Rising from bed at 3:30 this morning to drive him to Columbus (just as he was walking through the door from last night’s dance), I greeted the two-hour dark highway drive with a different attitude than I had for any regatta over the past four years. It was accompanied by none of my usual bitching and moaning (though he fell promptly asleep in the car and would have been oblivious to it anyway). No, this drive was different. This was my last early morning to get up and make a long drive to spend a long day cheering him on in an activity of which, four years ago, I had no understanding let alone any interest. A few regattas remain, but this was the last to require that very early morning sacrifice of me (and “sacrifice” is no overstatement for those who know what a morning person I am NOT).
I found myself wishing he were awake on the drive. Not that he would have been the wittiest and most intelligent conversationalist, given his all-nighter event. But I—I had so much to say, about all the “last” things that were on my mind.
I was remembering the last high school mother-son dance, and how proud I was that he was the one doing the pulling toward the dance floor. I was recalling his last mock trial event, which I sadly missed but which I eagerly relived through his relay of the team’s victory. And I was already looking ahead to the last time we would be together in his high school, as he crosses the stage in a cap and gown and is handed that roll of parchment signifying the end of one era and beginning of another.
The “last” things are even more significant to me now, because Son #2 is MY last.
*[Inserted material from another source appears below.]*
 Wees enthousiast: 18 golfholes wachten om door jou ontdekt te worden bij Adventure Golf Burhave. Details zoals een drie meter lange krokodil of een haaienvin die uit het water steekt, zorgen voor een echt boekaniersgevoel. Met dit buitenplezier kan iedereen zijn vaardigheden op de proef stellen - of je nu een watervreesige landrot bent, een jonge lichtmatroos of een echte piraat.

His older brother has already moved out (though not necessarily moved on, because they do come back, don’t they, especially when they still live in town and want a good meal)?
In just four months, though, I will officially be an empty-nester. My emotions run fairly fluid. Shall I celebrate or sob? Right now, my inclination is alternating between the two.
Who knows how I’ll actually feel when I hear them call my youngest son’s name at his graduation ceremony, or when I drop him off at his (yet undetermined) college campus, drive away, and have to count down the weeks before I see him again. I’ll either be celebrating or sobbing. Likely, a combination of both. For some time to come.
But worrying about a happy but overtired young man arriving safely home after a dance at 4 a.m.? No, I’ll be sound asleep most nights, from here on out. Because that, thankfully, will be the last thing on my mind.